Wenn ich es aber dennoch wage, die Leser der Gartenlaube hier einen Einblick in die amerikanische Verbrecherwelt thun zu lassen, so ist es nicht so sehr das Verbrechen selbst, das an und für sich nur dem Criminalisten von Interesse sein kann, welches mich zu einer Besprechung veranlaßt hat, sondern in erster Linie der wirklich eigenthümliche Charakter des Verbrechers, der nicht sowohl dem Criminalisten als dem Psychologen reichen Stoff zum Nachdenken darbieten dürfte.
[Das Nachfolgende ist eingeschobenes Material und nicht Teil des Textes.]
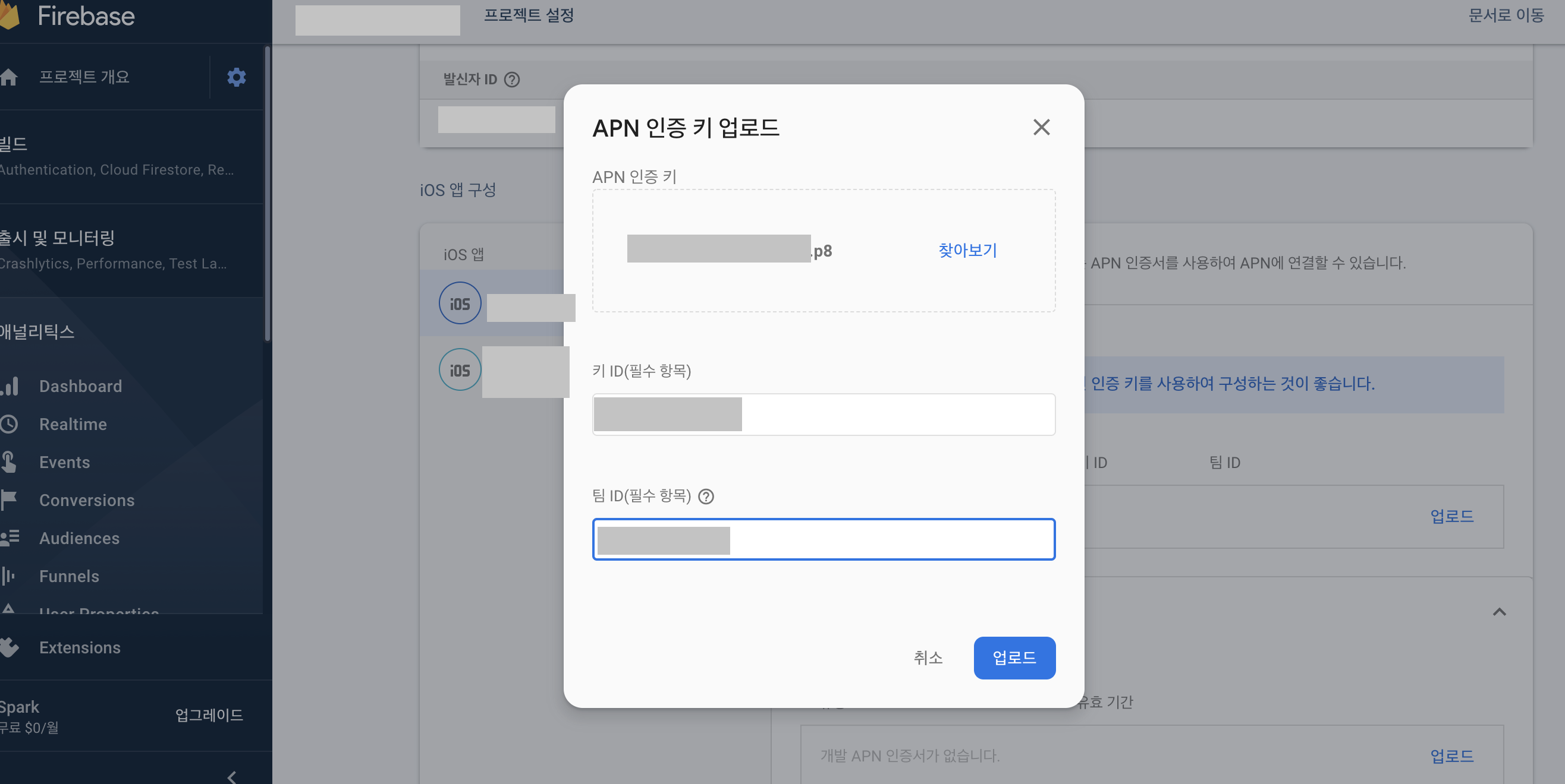 APN 인증키 부분의 업로드 버튼을 눌러주고 파일은 우리가 이전에 만든 확장자가 .p8이었던 파일을 업로드 해주시고

Ich bin mir wohl bewußt, daß meine Darstellung nicht erschöpfend sein kann, aber das überaus reichhaltige und schätzbare Material, das vor Allem in der New-Yorker englischen Presse in Folge dieser Cause célèbre aufgehäuft wird, bietet wenigstens Momente genug dar, um einen tiefen Blick in diese moderne Eugen-Aram-Natur thun zu lassen.

Zunächst erlauben Sie mir, in ganz kurzen Zügen die Momente des Mordprocesses, der dem Treiben eines wahren Scheusals ein Ende gemacht hat, hier anzuführen.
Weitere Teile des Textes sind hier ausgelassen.